■ **TASK**
Output only the lines below from the one containing "как выглядит 2" to the one containing "MImi é uma gatinha", exactly as written, both ends kept.

┄┄┄┄┄┄┄┄┄┄┄┄┄┄┄┄┄┄┄┄

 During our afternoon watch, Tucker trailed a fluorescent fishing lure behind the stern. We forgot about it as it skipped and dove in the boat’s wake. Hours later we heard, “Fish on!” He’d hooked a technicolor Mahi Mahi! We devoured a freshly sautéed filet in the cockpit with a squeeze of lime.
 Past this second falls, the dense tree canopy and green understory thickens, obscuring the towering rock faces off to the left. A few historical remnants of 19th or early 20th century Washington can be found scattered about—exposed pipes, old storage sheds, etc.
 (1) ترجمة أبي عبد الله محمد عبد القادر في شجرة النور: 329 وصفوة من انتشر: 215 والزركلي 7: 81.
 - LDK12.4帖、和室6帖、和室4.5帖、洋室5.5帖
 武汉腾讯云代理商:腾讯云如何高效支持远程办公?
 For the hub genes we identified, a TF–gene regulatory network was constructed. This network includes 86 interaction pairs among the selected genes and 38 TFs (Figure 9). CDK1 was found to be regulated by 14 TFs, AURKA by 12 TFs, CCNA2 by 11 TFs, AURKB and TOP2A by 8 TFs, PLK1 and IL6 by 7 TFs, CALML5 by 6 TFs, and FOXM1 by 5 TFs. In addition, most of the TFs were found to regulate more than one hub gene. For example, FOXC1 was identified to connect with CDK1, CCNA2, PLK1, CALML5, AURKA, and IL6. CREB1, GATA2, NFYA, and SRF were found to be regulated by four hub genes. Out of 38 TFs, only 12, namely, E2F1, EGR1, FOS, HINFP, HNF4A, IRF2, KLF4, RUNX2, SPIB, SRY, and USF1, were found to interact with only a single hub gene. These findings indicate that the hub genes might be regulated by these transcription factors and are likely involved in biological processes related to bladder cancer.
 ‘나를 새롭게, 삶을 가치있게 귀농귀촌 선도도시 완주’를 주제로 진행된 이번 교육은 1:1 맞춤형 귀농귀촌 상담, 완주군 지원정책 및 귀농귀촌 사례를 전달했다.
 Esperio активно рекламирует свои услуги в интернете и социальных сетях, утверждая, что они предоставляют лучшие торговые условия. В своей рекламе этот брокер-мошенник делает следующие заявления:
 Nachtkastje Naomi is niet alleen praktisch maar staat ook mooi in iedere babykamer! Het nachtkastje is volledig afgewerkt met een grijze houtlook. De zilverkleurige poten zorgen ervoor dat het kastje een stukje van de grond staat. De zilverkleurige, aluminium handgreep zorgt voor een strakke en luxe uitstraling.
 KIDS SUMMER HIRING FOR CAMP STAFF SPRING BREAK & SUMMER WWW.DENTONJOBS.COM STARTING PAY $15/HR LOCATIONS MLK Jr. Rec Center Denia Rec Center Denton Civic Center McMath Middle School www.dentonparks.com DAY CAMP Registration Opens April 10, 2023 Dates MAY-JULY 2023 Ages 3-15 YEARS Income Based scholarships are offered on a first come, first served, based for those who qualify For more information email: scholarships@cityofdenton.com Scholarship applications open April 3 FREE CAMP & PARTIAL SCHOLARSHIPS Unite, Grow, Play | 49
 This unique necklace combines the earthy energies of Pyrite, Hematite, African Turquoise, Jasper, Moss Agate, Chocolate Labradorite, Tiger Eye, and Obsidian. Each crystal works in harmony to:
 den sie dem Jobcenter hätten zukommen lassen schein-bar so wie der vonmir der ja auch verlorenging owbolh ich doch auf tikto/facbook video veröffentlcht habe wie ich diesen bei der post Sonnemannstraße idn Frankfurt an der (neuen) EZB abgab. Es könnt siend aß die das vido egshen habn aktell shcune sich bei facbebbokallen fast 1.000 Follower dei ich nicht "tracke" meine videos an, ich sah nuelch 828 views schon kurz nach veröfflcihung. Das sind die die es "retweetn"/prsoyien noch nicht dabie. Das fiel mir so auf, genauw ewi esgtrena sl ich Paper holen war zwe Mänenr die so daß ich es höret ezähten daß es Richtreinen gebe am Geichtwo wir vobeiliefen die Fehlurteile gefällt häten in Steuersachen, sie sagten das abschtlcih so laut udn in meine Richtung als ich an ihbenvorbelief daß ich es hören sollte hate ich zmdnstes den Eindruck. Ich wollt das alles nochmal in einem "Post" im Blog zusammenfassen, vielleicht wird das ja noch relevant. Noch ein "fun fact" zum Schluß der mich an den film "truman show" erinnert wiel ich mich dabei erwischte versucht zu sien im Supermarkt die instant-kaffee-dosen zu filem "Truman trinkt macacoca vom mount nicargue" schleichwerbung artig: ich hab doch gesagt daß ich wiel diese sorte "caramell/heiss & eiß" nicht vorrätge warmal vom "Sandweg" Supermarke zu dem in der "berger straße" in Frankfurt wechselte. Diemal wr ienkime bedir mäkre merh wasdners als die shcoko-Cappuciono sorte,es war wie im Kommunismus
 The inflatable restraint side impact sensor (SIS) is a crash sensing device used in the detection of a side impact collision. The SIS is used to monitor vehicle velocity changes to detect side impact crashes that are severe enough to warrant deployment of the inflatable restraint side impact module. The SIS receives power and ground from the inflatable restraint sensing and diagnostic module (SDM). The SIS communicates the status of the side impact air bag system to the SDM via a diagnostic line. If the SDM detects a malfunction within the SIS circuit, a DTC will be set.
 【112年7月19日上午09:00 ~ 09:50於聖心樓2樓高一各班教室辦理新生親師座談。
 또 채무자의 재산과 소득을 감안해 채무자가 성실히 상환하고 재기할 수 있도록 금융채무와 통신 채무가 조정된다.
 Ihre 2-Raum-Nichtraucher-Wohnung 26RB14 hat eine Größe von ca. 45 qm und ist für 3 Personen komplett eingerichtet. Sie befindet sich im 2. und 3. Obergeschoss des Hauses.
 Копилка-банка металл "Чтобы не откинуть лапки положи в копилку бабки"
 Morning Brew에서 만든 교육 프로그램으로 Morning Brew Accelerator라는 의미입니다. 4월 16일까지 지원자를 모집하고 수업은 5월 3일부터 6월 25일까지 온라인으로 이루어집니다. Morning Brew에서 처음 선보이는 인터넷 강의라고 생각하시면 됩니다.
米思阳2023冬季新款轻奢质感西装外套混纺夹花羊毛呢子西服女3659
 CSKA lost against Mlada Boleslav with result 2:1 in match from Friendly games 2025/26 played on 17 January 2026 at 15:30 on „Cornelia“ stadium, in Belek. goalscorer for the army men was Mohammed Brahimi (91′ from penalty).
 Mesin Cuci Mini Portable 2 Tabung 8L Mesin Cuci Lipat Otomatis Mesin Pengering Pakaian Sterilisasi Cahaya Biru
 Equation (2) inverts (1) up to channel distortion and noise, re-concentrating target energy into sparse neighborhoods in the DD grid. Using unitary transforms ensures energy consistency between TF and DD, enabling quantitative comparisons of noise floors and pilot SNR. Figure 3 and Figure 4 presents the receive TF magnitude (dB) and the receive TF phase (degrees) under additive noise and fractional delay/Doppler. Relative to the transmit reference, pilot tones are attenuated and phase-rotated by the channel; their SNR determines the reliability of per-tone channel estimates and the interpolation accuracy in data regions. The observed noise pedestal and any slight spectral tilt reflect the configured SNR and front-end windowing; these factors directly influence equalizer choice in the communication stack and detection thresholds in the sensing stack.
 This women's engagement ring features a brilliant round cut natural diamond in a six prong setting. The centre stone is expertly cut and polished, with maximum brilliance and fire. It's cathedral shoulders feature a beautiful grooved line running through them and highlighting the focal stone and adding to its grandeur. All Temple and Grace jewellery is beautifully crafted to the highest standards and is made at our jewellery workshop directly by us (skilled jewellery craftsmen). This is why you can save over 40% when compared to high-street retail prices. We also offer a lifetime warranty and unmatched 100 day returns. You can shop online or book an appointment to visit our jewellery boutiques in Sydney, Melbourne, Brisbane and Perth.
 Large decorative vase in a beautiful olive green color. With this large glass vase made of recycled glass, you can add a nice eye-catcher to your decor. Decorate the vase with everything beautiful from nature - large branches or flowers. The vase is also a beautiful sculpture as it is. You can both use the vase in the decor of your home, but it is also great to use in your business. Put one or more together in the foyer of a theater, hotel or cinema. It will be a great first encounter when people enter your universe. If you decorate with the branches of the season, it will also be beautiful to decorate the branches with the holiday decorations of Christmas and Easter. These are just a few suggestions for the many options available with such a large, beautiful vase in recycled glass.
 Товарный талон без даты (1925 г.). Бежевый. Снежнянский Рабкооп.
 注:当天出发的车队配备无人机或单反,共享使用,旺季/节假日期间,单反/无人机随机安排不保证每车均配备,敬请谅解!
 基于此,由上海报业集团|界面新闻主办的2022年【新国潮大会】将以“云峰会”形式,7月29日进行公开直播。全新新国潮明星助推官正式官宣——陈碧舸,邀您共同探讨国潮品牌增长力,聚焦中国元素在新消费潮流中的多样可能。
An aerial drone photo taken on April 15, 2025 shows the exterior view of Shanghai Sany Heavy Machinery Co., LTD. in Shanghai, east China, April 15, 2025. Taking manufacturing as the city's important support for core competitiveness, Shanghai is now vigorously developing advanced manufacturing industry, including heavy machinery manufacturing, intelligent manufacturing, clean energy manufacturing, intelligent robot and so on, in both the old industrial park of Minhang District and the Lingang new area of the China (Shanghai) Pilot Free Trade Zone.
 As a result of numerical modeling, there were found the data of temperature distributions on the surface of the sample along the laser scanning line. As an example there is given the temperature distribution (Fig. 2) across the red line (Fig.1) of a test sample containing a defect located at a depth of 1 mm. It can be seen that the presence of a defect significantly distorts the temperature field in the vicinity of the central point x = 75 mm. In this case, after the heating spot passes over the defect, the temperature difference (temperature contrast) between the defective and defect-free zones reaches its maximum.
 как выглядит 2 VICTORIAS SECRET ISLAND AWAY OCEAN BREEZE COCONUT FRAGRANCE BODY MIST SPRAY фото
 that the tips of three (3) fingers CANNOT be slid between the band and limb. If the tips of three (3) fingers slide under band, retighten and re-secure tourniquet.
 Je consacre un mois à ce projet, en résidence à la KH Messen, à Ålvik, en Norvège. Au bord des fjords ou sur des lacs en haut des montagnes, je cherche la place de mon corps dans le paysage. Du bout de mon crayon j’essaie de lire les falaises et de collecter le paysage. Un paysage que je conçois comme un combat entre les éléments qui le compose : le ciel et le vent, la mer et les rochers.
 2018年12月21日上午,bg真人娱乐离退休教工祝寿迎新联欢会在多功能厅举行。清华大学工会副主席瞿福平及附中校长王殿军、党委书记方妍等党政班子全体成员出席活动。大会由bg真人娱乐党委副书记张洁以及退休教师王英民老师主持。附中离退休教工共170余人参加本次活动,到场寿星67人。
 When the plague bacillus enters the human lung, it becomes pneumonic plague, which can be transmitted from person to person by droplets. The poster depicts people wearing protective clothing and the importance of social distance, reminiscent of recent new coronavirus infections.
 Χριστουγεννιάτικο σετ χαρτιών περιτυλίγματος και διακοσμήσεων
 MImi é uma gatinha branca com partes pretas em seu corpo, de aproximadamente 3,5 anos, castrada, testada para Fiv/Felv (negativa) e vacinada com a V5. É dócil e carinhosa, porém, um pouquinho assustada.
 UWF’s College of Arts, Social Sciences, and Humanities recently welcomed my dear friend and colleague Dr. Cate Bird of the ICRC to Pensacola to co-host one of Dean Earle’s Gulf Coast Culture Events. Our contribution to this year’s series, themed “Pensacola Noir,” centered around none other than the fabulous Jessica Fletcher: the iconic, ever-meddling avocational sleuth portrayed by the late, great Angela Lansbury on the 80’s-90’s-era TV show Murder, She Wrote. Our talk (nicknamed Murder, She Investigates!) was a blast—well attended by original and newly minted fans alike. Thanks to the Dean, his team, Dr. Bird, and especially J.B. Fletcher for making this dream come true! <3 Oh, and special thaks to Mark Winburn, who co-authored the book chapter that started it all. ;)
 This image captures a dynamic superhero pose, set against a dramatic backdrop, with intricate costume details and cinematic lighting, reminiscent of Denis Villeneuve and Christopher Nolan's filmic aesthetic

┄┄┄┄┄┄┄┄┄┄┄┄┄┄┄┄┄┄┄┄

■ **RESPONSE BOX**
 как выглядит 2 VICTORIAS SECRET ISLAND AWAY OCEAN BREEZE COCONUT FRAGRANCE BODY MIST SPRAY фото
 that the tips of three (3) fingers CANNOT be slid between the band and limb. If the tips of three (3) fingers slide under band, retighten and re-secure tourniquet.
 Je consacre un mois à ce projet, en résidence à la KH Messen, à Ålvik, en Norvège. Au bord des fjords ou sur des lacs en haut des montagnes, je cherche la place de mon corps dans le paysage. Du bout de mon crayon j’essaie de lire les falaises et de collecter le paysage. Un paysage que je conçois comme un combat entre les éléments qui le compose : le ciel et le vent, la mer et les rochers.
 2018年12月21日上午,bg真人娱乐离退休教工祝寿迎新联欢会在多功能厅举行。清华大学工会副主席瞿福平及附中校长王殿军、党委书记方妍等党政班子全体成员出席活动。大会由bg真人娱乐党委副书记张洁以及退休教师王英民老师主持。附中离退休教工共170余人参加本次活动,到场寿星67人。
 When the plague bacillus enters the human lung, it becomes pneumonic plague, which can be transmitted from person to person by droplets. The poster depicts people wearing protective clothing and the importance of social distance, reminiscent of recent new coronavirus infections.
 Χριστουγεννιάτικο σετ χαρτιών περιτυλίγματος και διακοσμήσεων
 MImi é uma gatinha branca com partes pretas em seu corpo, de aproximadamente 3,5 anos, castrada, testada para Fiv/Felv (negativa) e vacinada com a V5. É dócil e carinhosa, porém, um pouquinho assustada.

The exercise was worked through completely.